Мыслящее тело наделено целостностью опыта, т. е. способностью сводить вместе переживания, вызванные предметами и явлениями, абсолютно гетерогенными, в едином пространстве. Рождается мир, где можно обнаружить совершенно полярные вещи, где то, что европейский читатель считает «высоким», соседствует с шокирующе низким. Пространство «Тропика Рака» создано усилиями свободного сознания, игнорирующего принцип власти и не желающего иерархизировать вещи, отделять главное от второстепенного, сакральное от профанного. Миллер учитывает те моменты, которые культура табуирует или которым она не придает значения.

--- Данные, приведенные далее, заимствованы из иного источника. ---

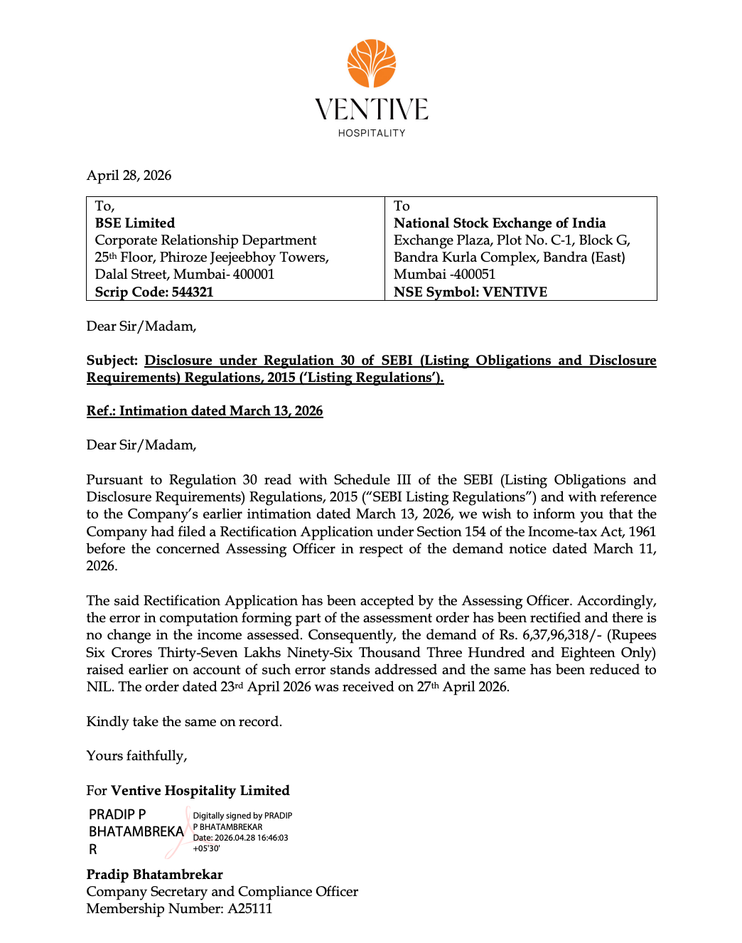 Ventive Hospitality Limited has received relief after the tax authority accepted its rectification application, resulting in the entire tax demand of ₹6.38 crore being reduced to NIL

Европейское искусство, воссоздавая переживание реальности, как правило, навязывает ему форму. Оно репрезентирует исключительно те предметы, которые возводимы к идеалу и, следовательно, могут служить составляющим компонентом красоты. Красота становится тотальной и обретает привилегированность, а все то, что не поддается эстетизации, элиминируется. Повествователь «Тропика Рака» фактически постулирует равноправие вещей и явлений, отрицая привилегированность легко эстетизируемых вещей. Наряду с ними в его мире появляется и то, что противится всякой эстетизации: уродство, плесень, гниль, блевотина, тухлятина, экскременты, глисты. Эти явления не по праву игнорируются как второстепенные, ибо подобно смрадному навозу, питающему корень прекрасного цветка, они являются основой существования мира. Их появление делает реальность романа несводимой к системе, к идее. И дело здесь не только в каких-то конкретных отталкивающих деталях: все пространство «Тропика» оказывается избыточно телесным, сугубо материальным, «не отпускающим» идею.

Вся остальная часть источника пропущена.